Oil N' Gold
More Analysis and Technicals on Crude Oil, Natural Gas, Gold & SilverCrude oil price surged to as high as 72.21 after the Eurozone's GDP in 2Q09 showed much smaller contraction than previously anticipated. However, the benchmark contract trimmed gains as both US' retail sales and jobless claims disappointed the market. The gauge finished the day at 70.52, +0.5%. While heating oil added +0.6% to 1.9, gasoline price dropped -0.3% to 2.02. Natural gas lost -4.1% to close at 3.34 despite lower-than-expected increase in gas supplies.
US retail sales declined -0.1% mom in July, worse than consensus of +0.5%, after rising +0.8% in the prior month. The figure was very disappointing this was already helped by the government's 'cash for clunkers' program. Excluding auto, the regains plunged -0.5%, following a gain of +0.5% in June.
Initial jobless claims rose to 558K in the week ended August 8 from 550K a week ago. The market had expected a decline to 540K. In fact, the result was not as bad as the market interpreted. Continuing claims dropped to 6.2M in the week ended August 1 from 6.3M in the prior week while insured unemployment rate declined to 4.7% from 4.8%. These suggested the employment condition has improved.
Natural gas storage increased +63 bcf to 3152 bcf in the week ended August 7. This was lower than market expectation of +66 bcf. However, NYMEX gas futures still plunged to the lowest in 4 weeks.
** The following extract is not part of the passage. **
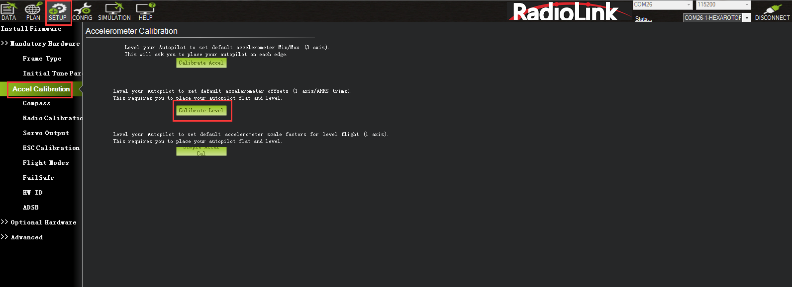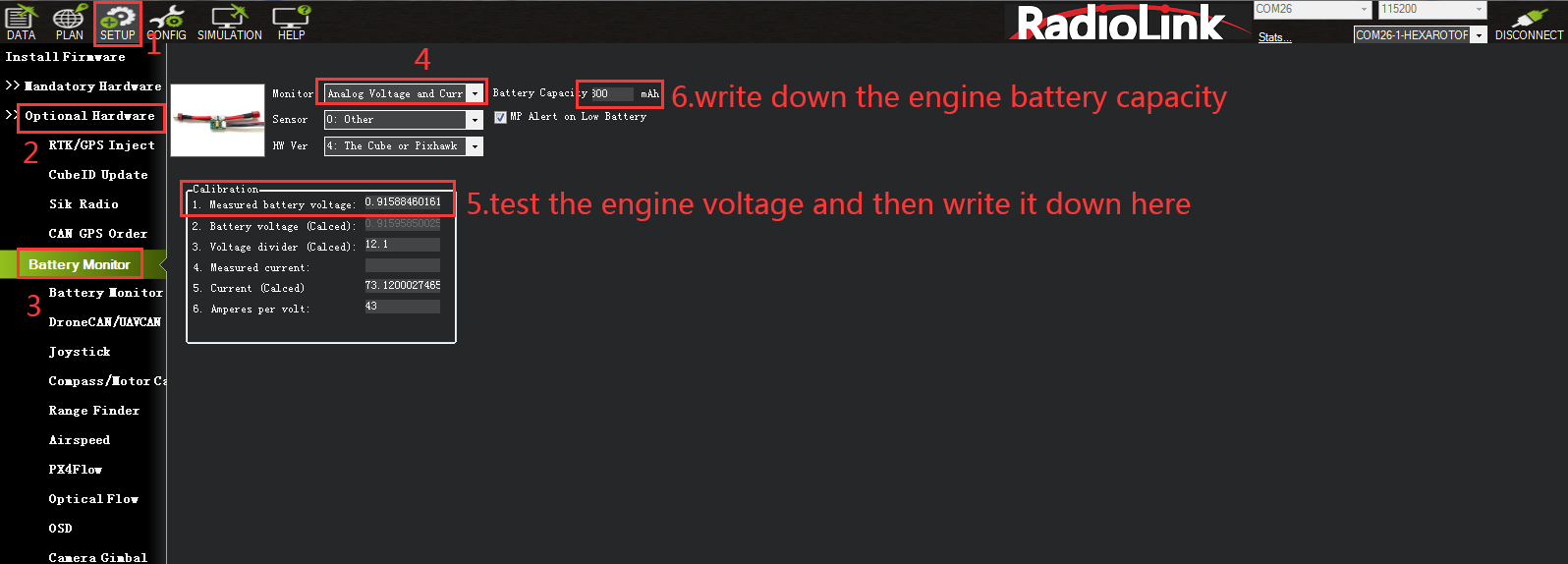 You need to connect the receiver first and then you can calibrate the radio. For details on receiver connection, please refer to Chapter 5.2.3.

This was because supplies have increased +23% from the same period last year while the rise in storage has widened to 19.6% from 5-year average from 19.1% in the previous week.
The precious metal complex rose Thursday as USD declined. The gold futures climbed +0.4% to 956.5 while the silver contract soared to 2-month high at 15.15 before settling at 14.99, +2.8%.
USD slid against major currencies as investors believed that weak US data would reinforce the Fed's stance to keep interest rate low for a long time. Moreover, the dollar plummeted against the euro as the 16-nation region's GDP in the second quarter contracted only -0.1% qoq, compared with consensus of -0.5%, after a sharp fall by -2.5% in the first quarter.
There have been talks about risk appetite and dollar movement since the beginning of the year. Seemingly, it's true for most of the time that risk aversion leads to rise in USD while increase in risk appetite leads to decline in USD. However, statistics tells us this is not always the case. More importantly, we have seen the opposite happened several times recently. For instance, better-than-expected non-farm payrolls data in June and August boosted sentiment and increased risk appetite. However, USD rallied, rather than plunged. This was because strong US economic data fueled speculations on Fed rate hike.